Group2 innate lymphoid cells ameliorate renal fibrosis and dysfunction associated with adenine-induced CKD

Chronic kidney disease (CKD) is a major worldwide public health concern [1], [2]. Following kidney damage, inflammation and fibrosis occur to resolve the tissue injury and maintain tissue homeostasis [3]. However, when kidney function declines to some extent as a result of kidney injury or certain diseases, CKD can develop, and its pathology progresses irreversibly, irrespective of the primary disease; as such, it is considered a final common pathway [4], [5]. Renal interstitial fibrosis is a classical hallmark of the final common pathway, and the degree of pathological progression in the renal interstitium is correlated with kidney function and prognosis [6]. Renal injuries and diseases enable the infiltration of innate immune cells into the renal interstitium, and these cells play roles in the initial steps of renal inflammation and fibrosis, thereby contributing to CKD progression [7], [8]. Indeed, many reports have revealed that renal macrophages are involved in the onset and progression of renal fibrosis [9], [10], [11], [12]; however, whether other innate immune cells contribute to this pathology remains unclear. Therefore, it is necessary to identify the responsible innate immune cells to develop novel therapeutic agents to overcome renal fibrosis and CKD.

Innate lymphoid cells (ILCs) are capable of activation independent of antigen presentation, and they are subdivided into three groups (ILC1s, ILC2s, ILC3s) on the basis of function and transcriptional factors, similar to helper T cell subsets [13]. Many reports have described ILC-regulating molecules, including cytokines, peptides, and hormones [14]. ILC2s respond to alarmins such as IL-33, which is released from damaged cells, leading the cells to rapidly produce large amounts of type 2 cytokines. ILC2s are abundant in the lungs, intestines, and skin, and they are also resident in kidney, where they protect against renal injury and diseases [15], [16], [17]. We previously demonstrated that UUO-induced renal fibrosis was attenuated by the IL-33/ILC2 axis [18]. Therefore, renal ILC2s are involved in renal fibrosis and represent a potential therapeutic target for fibrosis; however, the mechanisms by which ILC2s attenuate renal fibrosis are not clearly understood.

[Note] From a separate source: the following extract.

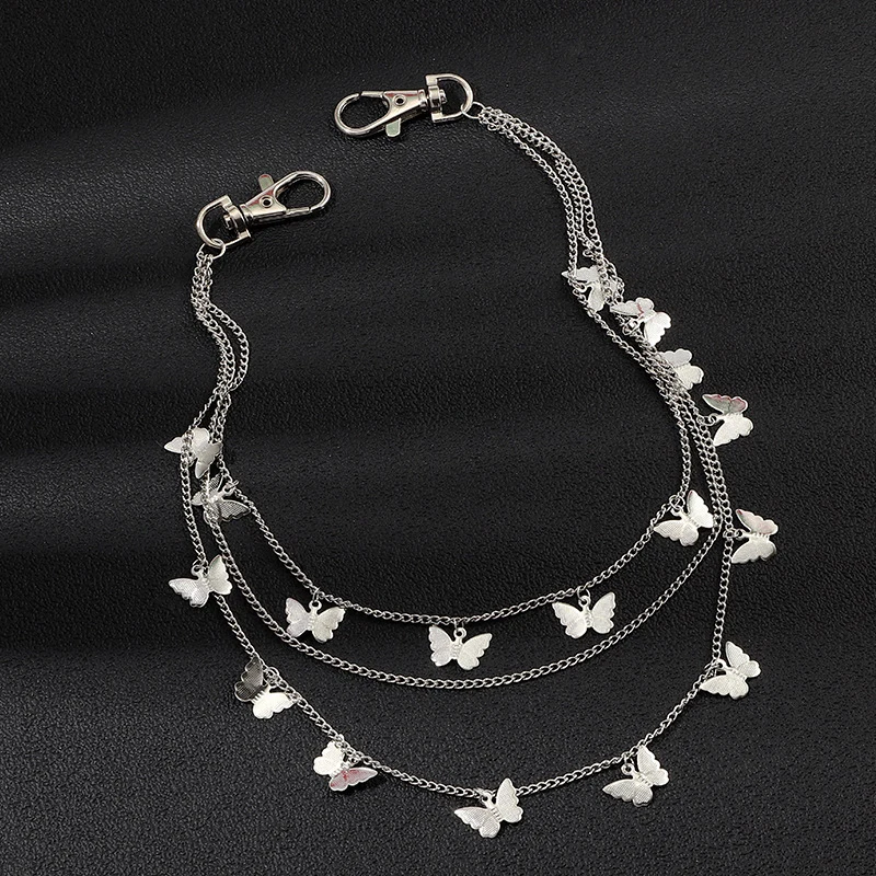 Женская цепочка для брюк, многослойная драгоценность для брюк, ювелирные изделия, золотистый, серебристый, в стиле панк, уличная мода, с бабочкой

In this study, we demonstrated that numbers of kidney-resident ILC2s are decreased in CKD kidney and that ILC2 expansion induced by exogenous IL-33 suppresses renal fibrosis associated with CKD progression. The CKD tissue environment exhibited altered GATA3 expression and ILC2 response to IL-33, and the capacity of kidney ILC2s to produce IL-13 was enhanced, whereas production of IL-5 was impaired when cells were stimulated with IL-33. Kidney ILC2s directly affected renal fibroblasts in a cell contact–dependent and/or –independent manner. These findings suggest that kidney ILC2s play a protective role in renal fibrosis associated with CKD. Furthermore, transition of renal fibroblasts to myofibroblasts was suppressed by ILC2s, which could be targeted to potentially alleviate CKD progression.